2. Руссо и нехлюдовщина

  
   В 1847 году, не сдав даже экзаменов на третий курс, Л.Н. Толстой, побуждаемый между прочим тем обстоятельством, что старшие братья, окончив курс, уехали из Казани, вышел из университета, так мало ему приглянувшегося, и отправился в Ясную Поляну, где прожил почти безвыездно до 1851 года. "Утро помещика" дает нам лучшую характеристику его тогдашней жизни, как "Детство", "Отрочество" и "Юность" верно отражают в себе его жизнь до этого времени. "Я выхожу из университета, - пишет граф Толстой, - чтоб посвятить себя жизни в деревне, потому что чувствую, что рожден для нее. Главное зло заключается в самом бедственном, жалком положении мужиков, и зло такое, которое можно исправить только трудом и терпением. Не моя ли священная и прямая обязанность заботиться о счастье этих семисот человек, за которых я должен буду отвечать Богу? Не грех ли покидать их на произвол грубых старост и управляющих из-за планов наслаждения и честолюбия? И зачем искать в другой сфере случаев быть полезным и делать добро, когда мне открывается блестящая и ближайшая обязанность. Я пошел по совершенно особенной дороге, но которая хороша и, я чувствую, приведет меня к счастью".

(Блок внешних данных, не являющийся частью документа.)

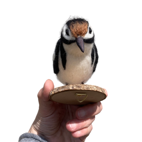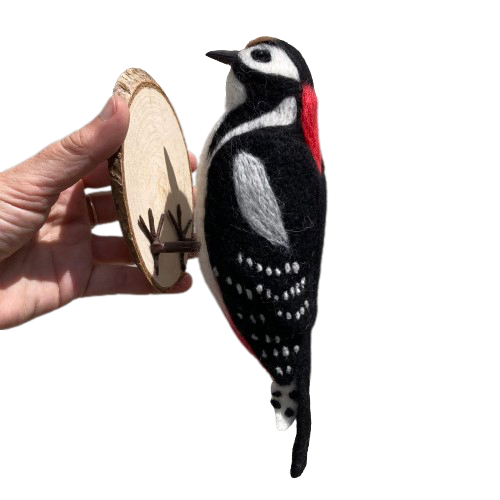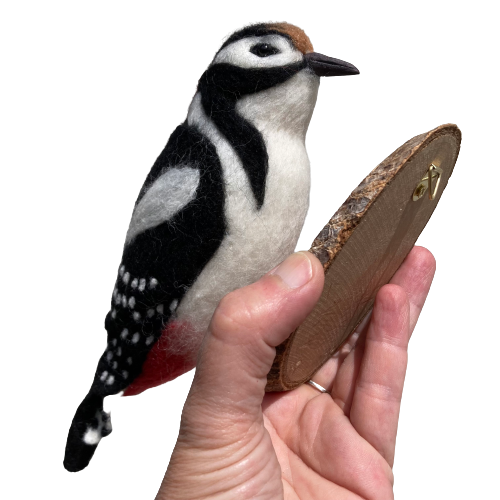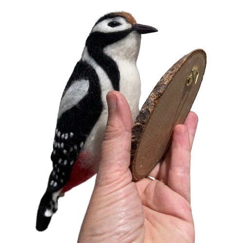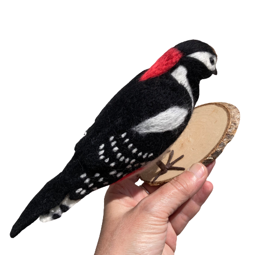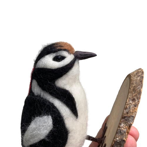 This needle felted woodpecker is roughly life size. It has been made using woollen fibres and a barbed felting needle. After sculpting a core of white wool into shape, a top coat of coloured merino wool fibres has been added. The beak is made from silk clay and the eyes are beaded.

   В подчеркнутых мною словах и выражениях читатель не может не заметить чего-то совершенно нового и даже внезапного. Ведь раньше о том, чтобы посвятить себя жизни в деревне, о жалком положении мужиков, о священной обязанности заботиться о счастье семисот человек не было и помину. Наоборот даже... Но на подобные внезапные и резкие перемены в настроении нам придется еще много раз натолкнуться в биографии Толстого.
   Мы видели, что граф Л.Н. Толстой родился, вырос и провел свою юность в крепостнической обстановке. Девяти-десятилетним мальчиком он владел уже сотнями душ и почти половину жизни своей прожил на счет яснополянских мужиков, которые поили и кормили его и позволяли беспрепятственно переходить из одной фазы развития в другую, питать веру, страдать сомнениями, стремиться к совершенствованию и увлекаться идеалом светского молодого человека. Крестьянским трудом вспоен и вскормлен великий художественный талант земли русской, слава и гордость нашей литературы и нашего народа.

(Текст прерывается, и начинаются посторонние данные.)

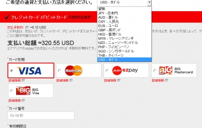 ↓US$にすると支払い手数料は0.12US$になるが、合計は320.55US$。

   Говорю все это я без малейшей тени упрека кому и чему бы то ни было, так как кто же может быть повинен в первородном грехе русской общественной жизни. Я просто указываю на факт, пропустить который не имею ни права, ни возможности, и притом факт огромной важности. Ведь владение семистами душ и позволило развиться беспрепятственно художественному дарованию графа Толстого, позволило ему без всякой торопливости переписать семь раз "Войну и мир" - эту грандиозную эпопею русской народной жизни, нашу "Илиаду", все еще неоцененную и непонятую именно потому, что она слишком громадна. Право, если уж о том зашла речь, мне кажется порою, что еще 20-30 лет такой же мелкой разбросанной литературной работы, которая совершается теперь на наших глазах,- и мы будем смотреть на "Войну и мир" с таким же чувством почтительного удивления, с каким греки исторической эпохи смотрели на грандиозные постройки пеласгов и Львиные ворота, остатки стен, приписывая их титанам и сторуким гигантам. Благодаря даровому крепостному труду, русская литература за каких-нибудь полстолетия стала классической, и ничего подобного ее быстрым успехам в период между созданием "Руслана и Людмилы" и "Анной Карениной" мы не видим даже на Западе.

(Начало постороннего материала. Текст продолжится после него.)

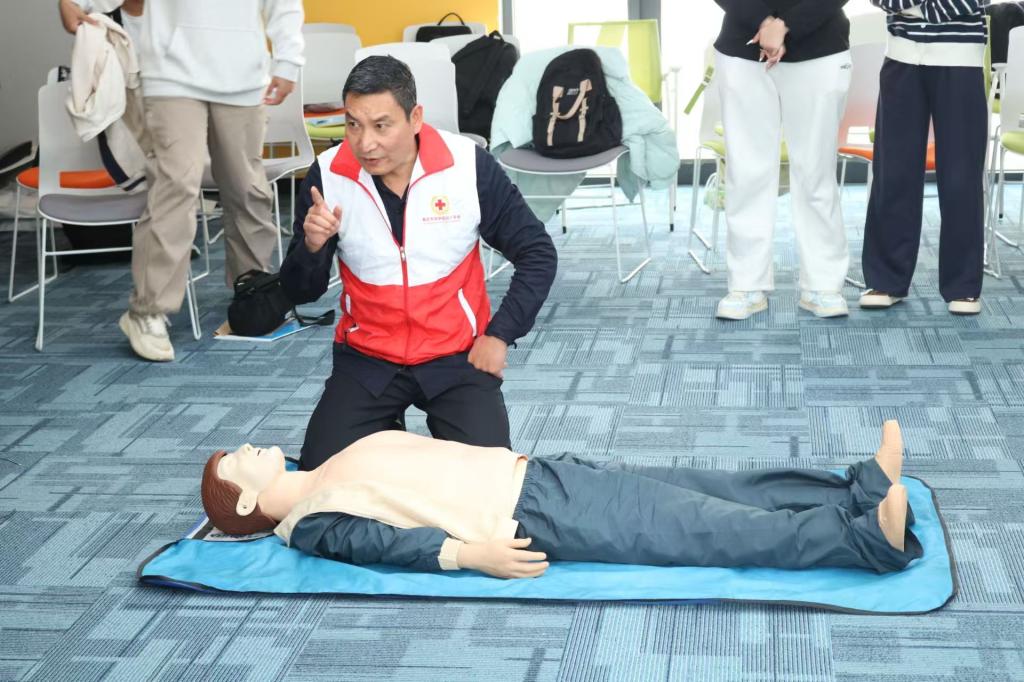 本次培训特邀市中区红十字会副主任护师彭照云老师与副主任医师王磊老师担任讲师。两位资深专家围绕“人人学急救,急救为人人”的主题,采取“理论讲解+实操训练”相结合的方式,系统讲授了创伤救护、心肺复苏、自动体外除颤器(AED)使用、海姆立克急救法等专业急救知识。在分组练习环节,参训师生积极参与操作,讲师们耐心解答各类问题,并悉心指导心肺复苏按压等关键动作,确保每位学员准确掌握要领。

   Я не поклонник бедности и лишений, не верю, чтобы они оказывали благоприятное воздействие на развитие творчества, и думаю, что даже громадный талант из суровой школы нищеты и лишений выносит одно зло. Когда для создания выдающегося произведения прописывается рецепт, в котором фигурируют чердак, нетопленая комната, сон вместо обеда, голодная жена и голодные ребята, - я всегда вспоминаю слова Гете: "Истинно великое произведение может быть создано только здоровым духом".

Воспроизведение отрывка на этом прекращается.